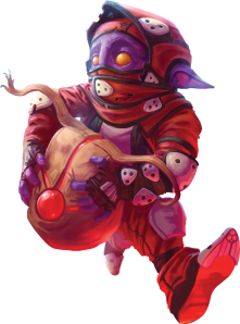 House Sanctum has the greatest number of humans amongst their ranks, and their floating islands are a haven from the world below, where humans have a tendency to be bullied by tougher or craftier species. But a great many humans also seek knowledge, and a cybernetic upgrade, through the wisdom of House Logos, or quickly master the skills to flourish in a Shadows guild. Humans feel the call of the Untamed more than any other civilised species, and some have suggested a common ancestry between them and Niffle apes. It’s less common to find humans in other Houses, but not unheard of: meat-headed warriors, devoted cultists, and brain-washed infiltration agents have roles open to them in Brobnar, Dis and Mars respectively.
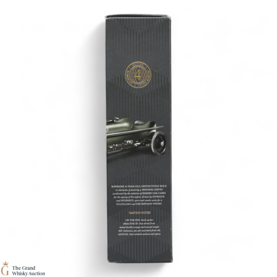 Edition 4 of the Bowmore x Aston Martin collaboration celebrates the iconic Aston Martin GP 'TT2'. This car was designed to take part in the French Grand Prix in 1922, a highly risky and significant race. A great pairing for the dark and intense 10-year-old, with intense depth from the marriage of Spanish oak sherry casks and hogsheads.
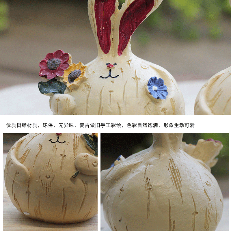 创意家居树脂可爱胖兔子装饰品摆件客厅电视柜复古工艺品摆设礼物
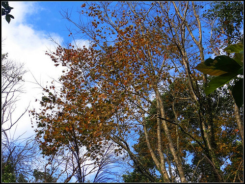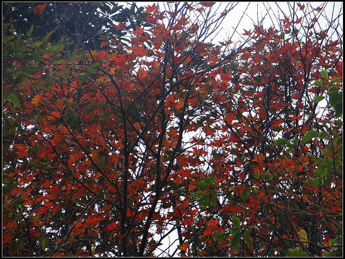 山上的楓葉已泛紅,迎風婆娑沙沙作響,僅一、二棵紅楓,幾點殘紅,也為此行增添了一些美感。

:: Work request ::
Print all the material above verbatim and omit its pictures.

:: Answer to the exercise ::
 House Sanctum has the greatest number of humans amongst their ranks, and their floating islands are a haven from the world below, where humans have a tendency to be bullied by tougher or craftier species. But a great many humans also seek knowledge, and a cybernetic upgrade, through the wisdom of House Logos, or quickly master the skills to flourish in a Shadows guild. Humans feel the call of the Untamed more than any other civilised species, and some have suggested a common ancestry between them and Niffle apes. It’s less common to find humans in other Houses, but not unheard of: meat-headed warriors, devoted cultists, and brain-washed infiltration agents have roles open to them in Brobnar, Dis and Mars respectively.
 Edition 4 of the Bowmore x Aston Martin collaboration celebrates the iconic Aston Martin GP 'TT2'. This car was designed to take part in the French Grand Prix in 1922, a highly risky and significant race. A great pairing for the dark and intense 10-year-old, with intense depth from the marriage of Spanish oak sherry casks and hogsheads.
 创意家居树脂可爱胖兔子装饰品摆件客厅电视柜复古工艺品摆设礼物
 山上的楓葉已泛紅,迎風婆娑沙沙作響,僅一、二棵紅楓,幾點殘紅,也為此行增添了一些美感。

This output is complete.